Brian buys a computer for £3100.
It depreciates at a rate of 5% per year.
How much will it be worth in 5 years?
Give your answer to the nearest penny where appropriate.
Answers
Answer:
you can either calculate 5% of each yr value and subtract it from 3100 or find effective depreciation in 5 years
effective depreciation is 22.63%
get (100-22.63)*3100/100=2398.72$
Step-by-step explanation:
Step-by-step explanation:
the computer costs 3100.
every year it loses 5% of its value.
how much will it be worth in 5 years.
if it loses 5% each year, then each succeeding year it is worth 95% of what it was the year before.
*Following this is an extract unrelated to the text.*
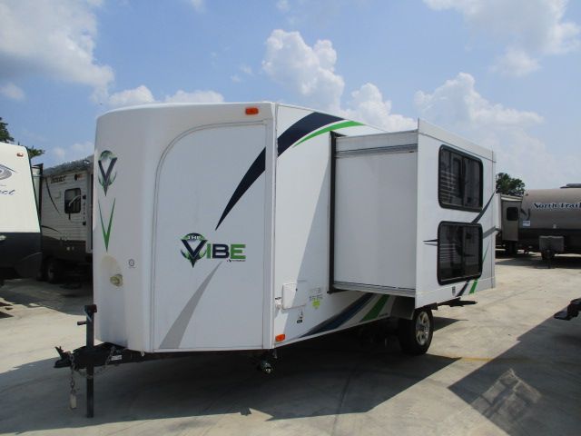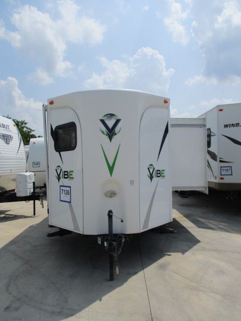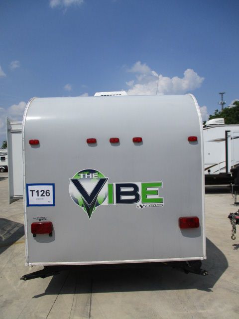 Wow ! Nice Layout thats great for the whole family. This 2013 Vibe by Forest River sleeps up to 4. It's Comforts include....1 Slide-out, 1 Roof A/C, 1 Door Refrigerator, Main Awning, CD Radio, Outside Speakers, DVD Player, Outside Shower, Microwave, 2 Burner Range and plenty of outside storage. Half ton towable. Let's go RVing!

therefore, after 1 year is it worth .95 * what it was when you bought it.
the year after that it is worth .95 * .95.
the year after that it is worth .95 * .95 * .95.
at the end of the fifth year it is worth .95 * .95 * .95 * .95 * .95 of what it was when you bought it.
.95 ^ 5 * 3100 = 2398.720906.
the formula to use for this would be f = p * (1 + r) ^ n
f is the future value.
p is the present value.
r is the interest rate per time period (years in this case).
n is the number of time periods (years in this case).
when p = 3100 and r = -.05 and n = 5, the formula becomes:
f = 3100 * (1 - .05) ^ 5 which becomes f = 3100 * .95 ^ 5 which becomes f = 2398.720906.
to the nearest penny, the answer is 2398.72.